Un modo per conoscesi

Esistono però anche altri buoni motivi per lasciarsi andare a questa esperienza. Come ad esempio concentrarsi su se stesse per imparare a consersi meglio, a chiarire alcune vecchie esperienze del passato. A dimenticare per qualche mese ciò che la società ci ha insegnato, e cioè essere capaci di fare tante cose tutte insieme per essere donne produttive e indispensabili.

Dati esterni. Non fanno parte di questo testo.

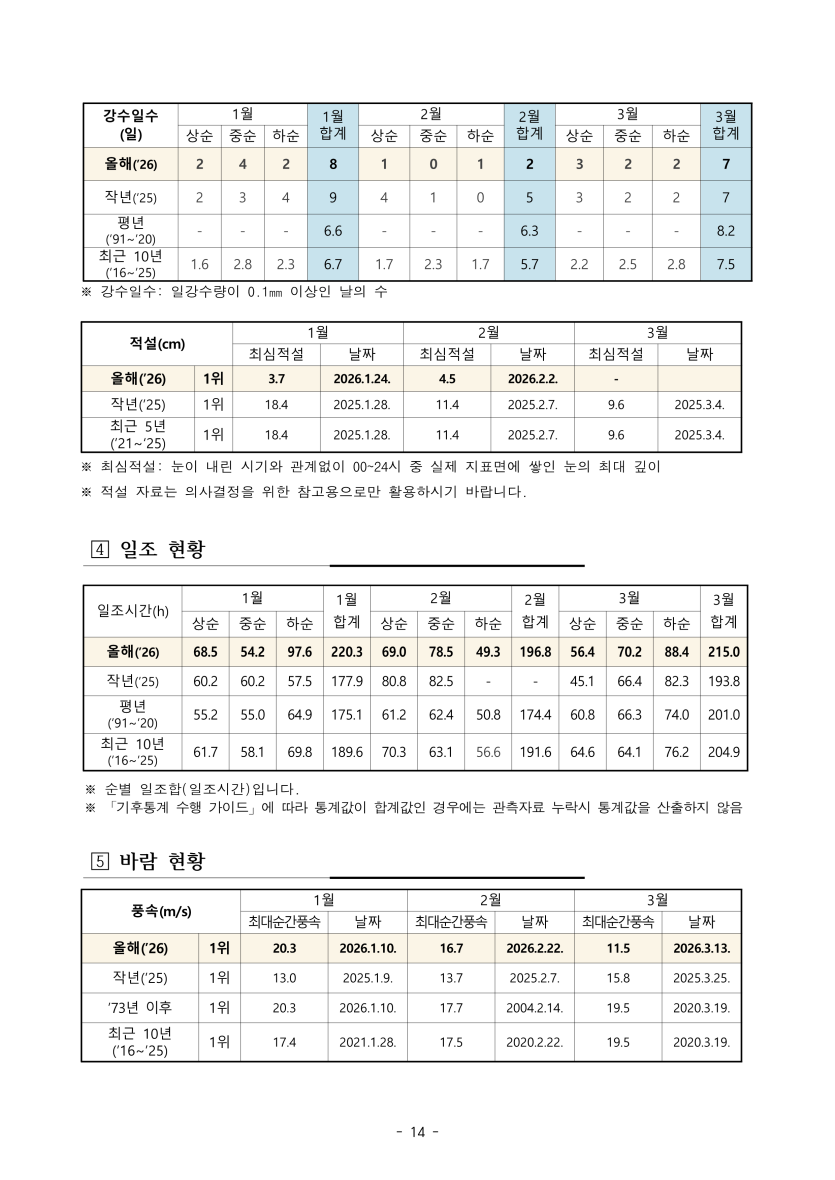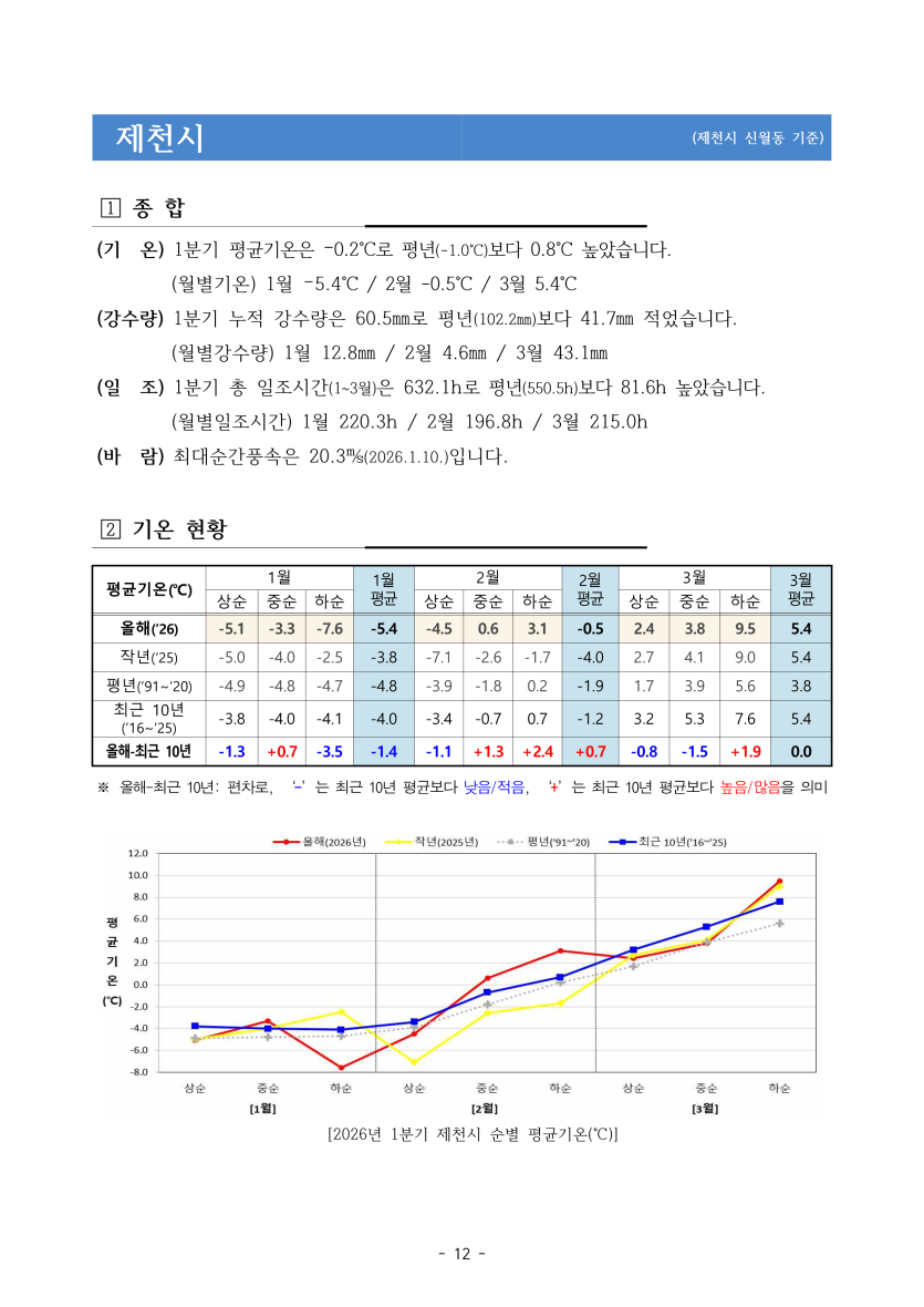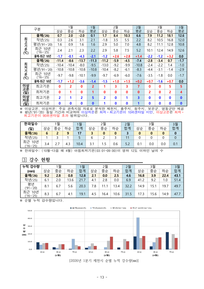 청주기상청에서 작성한 충청북도 기후 포커스(2026년 1분기) 중 일부를 발췌하였습니다.

La meditazione in gravidanza porta a una maggior accettazione di se stesse. Sia a livello fisico sia mentale. Senza dubbio è anche una buona alleata per raggiungere il fatidico momento del parto con una maggior serenità.


Dove praticare la meditazione?
Esistono corsi pre-parto centrati proprio sulla meditazione e frequentarli potrebbe essere una buona idea. È anche un modo per conoscere nuove mamme e condividere con loro l'esperienza e i dubbi che costellano questo periodo della vita femminile. Nessuno comunque vieta di praticarla in casa, la cosa importante è realizzare un ambiente adatto, silenzioso e piacevole.